+++ Provided data +++
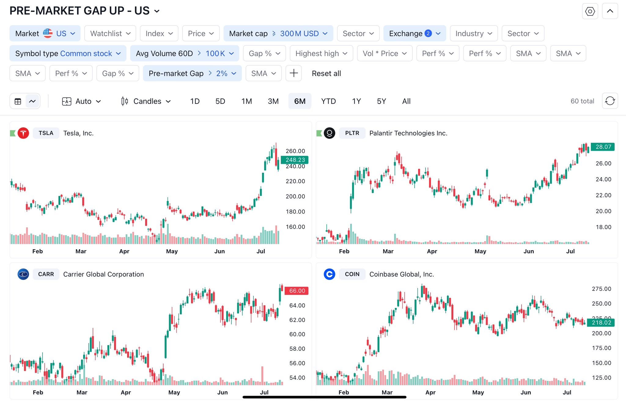 Daha önce X platformunda Amerika piyasaları açılmadan önce çalıştırdığım bir screenerı paylaşmıştım. Bu posta aşağıdaki linkten ulaşabilirsiniz. Screener görüntüsünü de aşağıda paylaşıyorum.
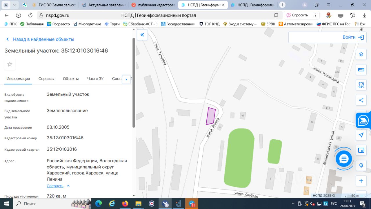 Земельный участок с кадастровым номером 35:12:0103016:46, площадью 720 кв.м, категория земель - земли населенных пунктов, разрешенное использование: бытовое обслуживание, местоположение: Российская Федерация, Вологодская область, муниципальный округ Харовский, г. Харовск, ул. Ленина
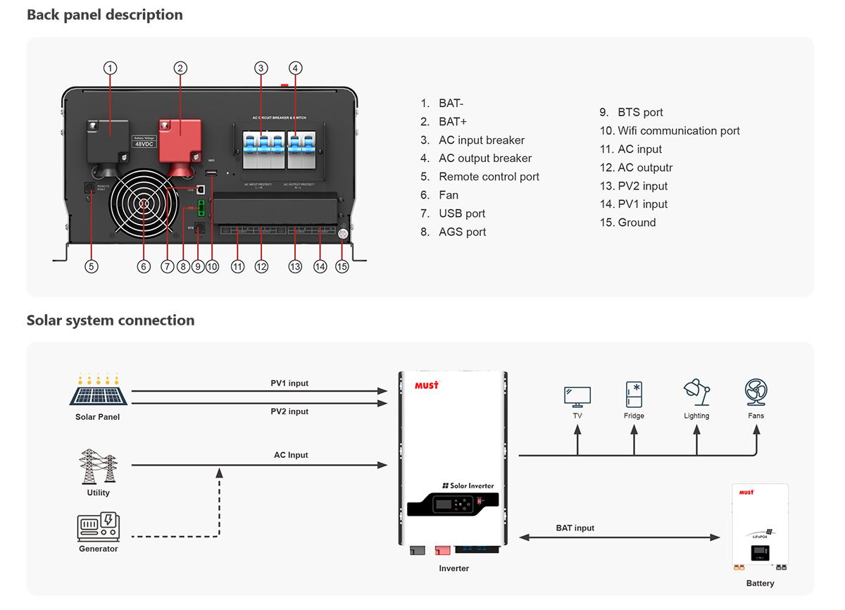 PV3600 TLV series is a multi-function inverter ,combining functions of inverter and MPPT solar charger controller, solar charger and battery charger to offer uninterruptible power support. The comprehensive LCD display offers userconfigurable and easy-accessible button operation such as battery charging current, AC/solar charger priority, and selectable input voltage based on different applications.
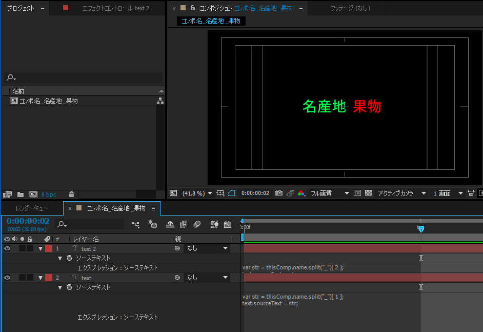 2. 2種類のテキストを作成、ソーステキストに下記のエクスプレッションを挿入
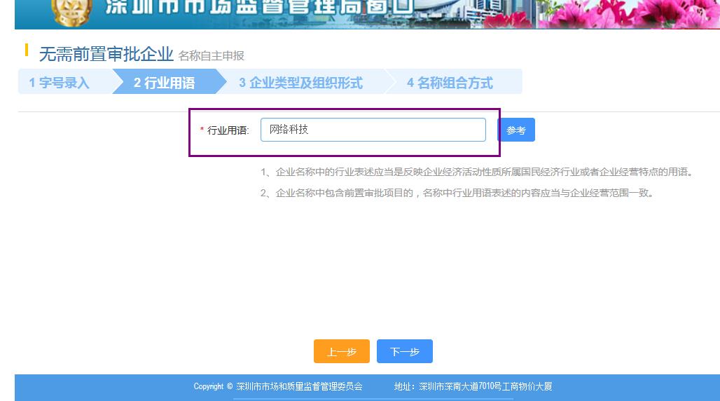 下面一步就是核名第二步,輸入行業進行查詢,點擊下一步,如下圖:
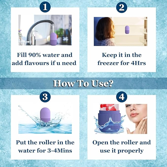 - EASY TO USE – NO MESS, JUST FRESH:- Fill the face ice mold with water or natural ingredients, freeze for 4+ hours, and roll across the skin in 30-second intervals. The ergonomic grip ensures easy handling, and the ice face roller glides smoothly without dripping. Use 1–2 times daily for best results.
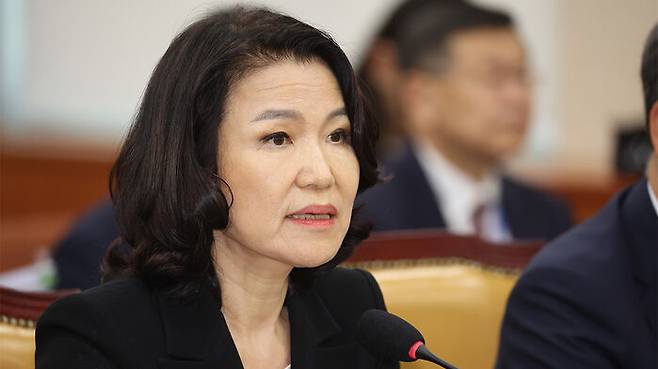 ▲ 이진숙 방송통신위원장이 27일 국회 과학기술정보방송통신위원회 전체회의에서 의원질의에 답하고 있다.
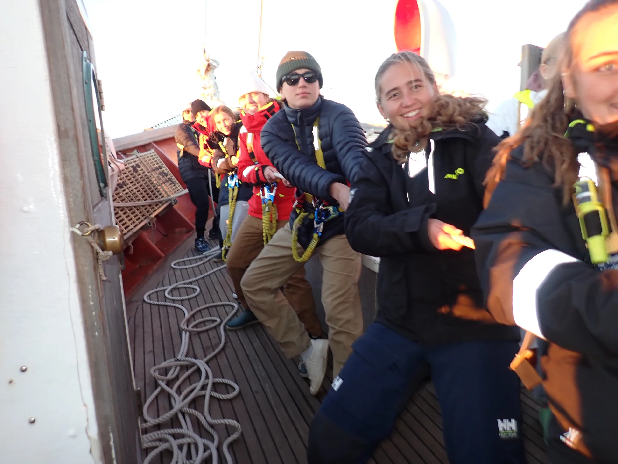 Getting underway from the dock is a process that takes planning, coordination, and a willingness to be at the ready to safely pitch in during the intricate dance with wind, currents, and ship traffic. With the professional crew handling the ship’s dock lines and other key navigational duties, student crew could watch and participate at key, predetermined moments in the process. So it was that we all worked as a unified crew and bid farewell to land and the group of SEA folks gathered on the wharf to wish us well and help cast off lines.
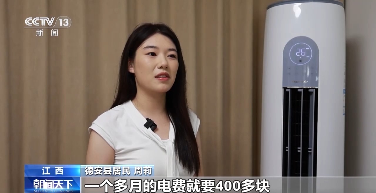 *江西省德安縣居民 周莉:*以前夏天開空調,一個多月的話,電費就要400多塊,自從換了新空調之後,上個月電費才200多塊錢,一下子節省了快一半的錢。
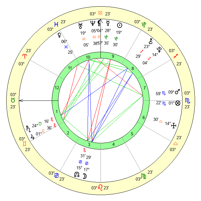 | Mars | 10 Scorpio 0 | 28 Cancer 46 | 23 Scorpio 30 |
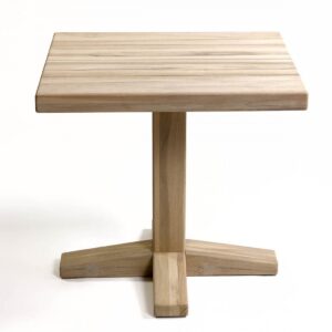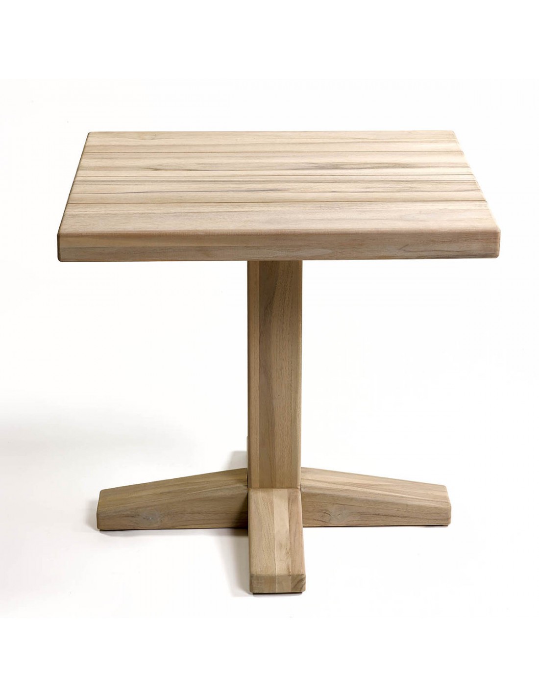 Mesa de madera de teca para exterior con forma cuadrada. Pie central con base de 4 apoyos también en la misma madera teca envejecida.
+++
• [What needs to be done]
Starting with the line that contains "의원질의에 답하고 있다.", print every remaining line of the records above, exactly as it stands. Do not print the pictures.

• [Written reply]
 ▲ 이진숙 방송통신위원장이 27일 국회 과학기술정보방송통신위원회 전체회의에서 의원질의에 답하고 있다.
 Getting underway from the dock is a process that takes planning, coordination, and a willingness to be at the ready to safely pitch in during the intricate dance with wind, currents, and ship traffic. With the professional crew handling the ship’s dock lines and other key navigational duties, student crew could watch and participate at key, predetermined moments in the process. So it was that we all worked as a unified crew and bid farewell to land and the group of SEA folks gathered on the wharf to wish us well and help cast off lines.
 *江西省德安縣居民 周莉:*以前夏天開空調,一個多月的話,電費就要400多塊,自從換了新空調之後,上個月電費才200多塊錢,一下子節省了快一半的錢。
 | Mars | 10 Scorpio 0 | 28 Cancer 46 | 23 Scorpio 30 |
 Mesa de madera de teca para exterior con forma cuadrada. Pie central con base de 4 apoyos también en la misma madera teca envejecida.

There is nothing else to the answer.